# Help With Id



## Tonym47 (Mar 22, 2015)

Hi Guys    Can anyone ID the parts in this picture?


----------



## kd4gij (Mar 22, 2015)

Yes. It is a big red "X". Your pic no workie.


----------



## Cactus Farmer (Mar 22, 2015)

The "X" I see is more like Crimson fading to dark pink terminations......


----------



## davidh (Mar 22, 2015)

im glad we figured that one out fer ya


----------



## CluelessNewB (Mar 22, 2015)

*X* (named _ex_ /ˈɛks/, plural _exes_[1]) is the twenty-fourth letter in the ISO basic Latin alphabet. In Roman numerals, it represents 10.
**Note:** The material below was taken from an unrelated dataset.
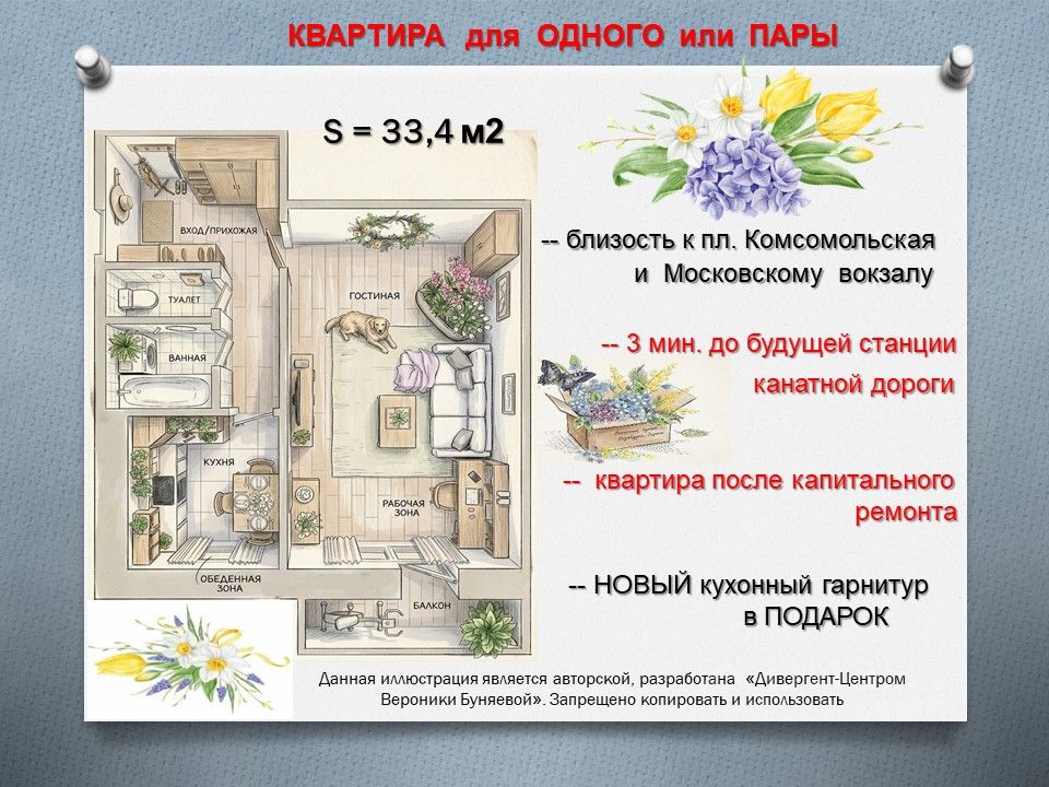 Мы повысили КОМФОРТ, чтобы Вы могли СОЗДАТЬ атмосферу УЮТА и ГАРМОНИИ! КВАРТИРА с КАПИТАЛЬНЫМ РЕМОНТОМ, за качество ОТВЕЧАЕМ! БЛИЗОСТЬ к пл.КОМСОМОЛЬСКАЯ и ОКСКОМУ СЪЕЗДУ! ================================================= О ДОМЕ --- дом построен из железобетонных плит --- в доме 4 подъезда --- придомовая территория ухоженная --- чистый подъезд --- парковка во дворе ================================================= О КВАРТИРЕ --- общая площадь без учета балкона 32,4 кв.м. --- большая ПРИХОЖАЯ 6,1 кв.м., где можно разместить встроенный шкаф для хранения --- жилая КОМНАТА 17,0 кв.м., где вы эффективно организуете пространство, учитывая ваши личные предпочтения и потребности --- в комнате проложена трасса для установки кондиционера --- БАЛКОН застеклен, внутри сделана отделка --- ВАННА и ТУАЛЕТ выполнены в скандинавском стиле, в ванной комнате предусмотрено место для установки и подключения стиральной машинки --- произведена замена системы отопления и водоснабжения --- полностью заменена электропроводка и установлен счетчик с усилителями --- выровнены стены, полы --- квартира оснащена НОВОЙ газовой варочной панелью и НОВОЙ вытяжкой, готовы оставить в ПОДАРОК НОВОМУ СОБСТВЕННИКУ --- установлены новые межкомнатные двери и новая входная дверь ================================================= О ЛОКАЦИИ --- микрорайон Молитовка --- близость к Московскому вокзалу, метрополитену и прямое сообщение с Верхней частью города --- красивые набережные для прогулок, благоустроенные скверы --- пляжные зоны на берегу р.Ока и оз.Силикатное --- выход на причал Молитовка, а это - баня и банный чан, рыбалка, прогулки на яхтах и сапбордах (можно взять в аренду лодку или сапборд) --- парк Дубки с величественными вековыми дубами для прогулок и восстановления энергии --- для души Вы можете посещать Церковь в честь иконы Пресвятой Богородицы Умиление --- взрослая Поликлиника 2 --- Физкультурно-оздоровительный комплекс ОАО Теплообменник, Спортивный клуб Энергия, Стадион Этна --- универмаг Муравей, строительный гипермаркет Максидом, гипермаркет Окей, рынок Заречный, рынок Комсомолка, ТЦ АвтоМОЛЛ --- офисы доставки Валдбериз, Озон, Яндексмаркет --- вторая канатная дорога от Заречки до проспекта Гагарина должна заработать в 2026 году, рядом с домом будет проходить станция на ул. Баумана, а это 3 мин. ходьбы ================================================= УСЛОВИЯ ПРОДАЖИ 1 собственник, право на основании ДКП (покупали без ипотеки и материнского капитала), без долгов и обременений, свободна от личного имущества, никто не прописан, документы готовы, за быстрый выход на сделку СДЕЛАЕМ СКИДКУ

More info can be found here:  https://en.wikipedia.org/wiki/X


----------



## tertiaryjim (Mar 22, 2015)

That's where the treasure is buried. Dig below it.


----------



## jim18655 (Mar 22, 2015)

I tried digging and the X keeps moving.


----------



## oldboy1950 (Mar 22, 2015)

you guys are a blast


----------



## jtrain (Mar 22, 2015)

I believe it is part X


----------



## Tonym47 (Mar 23, 2015)

Tonym47 said:


> Hi Guys    Can anyone ID the parts in this picture?


----------



## NightWing (Mar 23, 2015)

My X moved to Georgia.


----------



## Tonym47 (Mar 23, 2015)

OK OK I screwed up


----------



## bpratl (Mar 23, 2015)

NightWing said:


> My X moved to Georgia.


 Good one, I had to laugh.


----------



## GA Gyro (Mar 23, 2015)

NightWing said:


> My X moved to Georgia.



I think I met here at a party...

Just kidding...


----------



## Cactus Farmer (Mar 23, 2015)

Tony,  we all make mistakes ,some of us are warped and take the oppertunity to have a laugh with it. Please ,no harm was intended. Now I'm scared to try to post a picture........I'll review the procedure before trying it and most likely still foul it up on the first few tries. "Say lavee" as we say in Texas


----------



## kd4gij (Mar 23, 2015)

Tonym47 said:


> OK OK I screwed up


 
 Tommy We wern't poken fun at you, We have all had problems lerning the new forum. Hope you can get the pictures loaded. We all like tol pic's If you need help one of the mods will be glad to help.


----------



## kd4gij (Mar 23, 2015)

And I just wan't to say, I think the " What is it , Help ID " threads are the best. I like trying to figure it out and some of the wild guses are just to funny.  That is the first thing I look for when I come here.


----------



## fahrphrompuken (Mar 25, 2015)

Hah, this thread was a crack up . But did you ever ID the parts you were asking about?


----------